In a way, it’s all quite flattering for publishers. All the major online players are battling to either host their content or help deliver it faster, an open acknowledgement that such
content is what their users want. In that sense, the publishers have the power that comes from controlling supply.
But nothing is simple in the age of platforms. With each new partnership,
concerns mount that publishers are also ceding control over their business.
The latest contender to enter the ring is Google, which unveiled its new AMP (Accelerated Mobile Pages) initiative
to dramatically decrease the load times for Web content on mobile devices. The initiative, due to launch next year, centers on AMP HTML, a new open framework based on the ubiquitous Web coding
language.
Google has already signed up around 30 publishing partners to experiment with AMP, including The New York Times, The Washington Post, BuzzFeed and Vox. On the tech
side, Google said AMP will be integrated by Twitter, Pinterest, LinkedIn and WordPress, among others.

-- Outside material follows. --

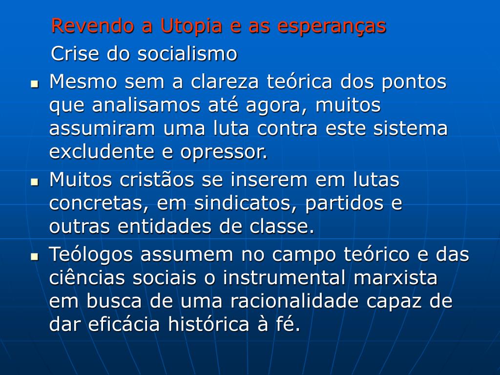 Revendo a Utopia e as esperanças Crise do socialismo • Mesmo sem a clareza teórica dos pontos que analisamos até agora, muitos assumiram uma luta contra este sistema excludente e opressor. • Muitos cristãos se inserem em lutas concretas, em sindicatos, partidos e outras entidades de classe. • Teólogos assumem no campo teórico e das ciências sociais o instrumental marxista em busca de uma racionalidade capaz de dar eficácia histórica à fé.

By simplifying mobile page formats and opening Google’s cache servers free of
charge, AMP aims to have mobile Web pages load instantly, making them comparable with apps.
According to Google images, video, and animations will all load just as fast as ads -- that is,
instantly -- across all types of devices. Unlike Facebook Instant Articles AMP is available to everyone on the Web and is open source, so anyone can tinker with the code and build additional services
on it.
The AMP initiative is Google’s response to the rise of ad blocking, which obviously threatens publishers as well as its own ad-supported business. The popularity of ad blocking
software is due, in large part, to the fact that mobile ads use up data bandwidth, slowing delivery of the content that people actually want to see. It also promises to deal with the related, and very
annoying, phenomenon of the bouncing Web page, with big ads starting to download only after you try to start scrolling lower on the page.
However, tech types were quick to point a number of
caveats. Publishers will almost certainly have to overhaul their own online advertising infrastructure and rework relationships with ad tech firms, since AMP threatens to sideline important elements
like analytics.
Furthermore, while Google says it won’t favor AMP content in search results, download speeds are already built into its search algorithms, suggesting that
AMP content will naturally rise to the top, even if not explicitly promoted by Google. In other words Google isn’t giving publishers much of a choice: they can either adopt AMP HTML or gradually
(or maybe not so gradually) see their search ranking sink relative to AMPed competitors. Once again publishers are being presented with a fait accompli by a big online platform -- a grating but by now
familiar experience.
There’s no denying AMP leaves the publishers more control than Facebook’s Instant Articles. But in the end, it’s a choice between an
overbearing spouse who tells you what to do for your own good, and an obsessive one who wants to keep you locked in a walled garden. While neither of these may seem like great options, it’s the
price publishers pay for something that happened long ago, with the advent of the Internet itself -- the loss of control over distribution.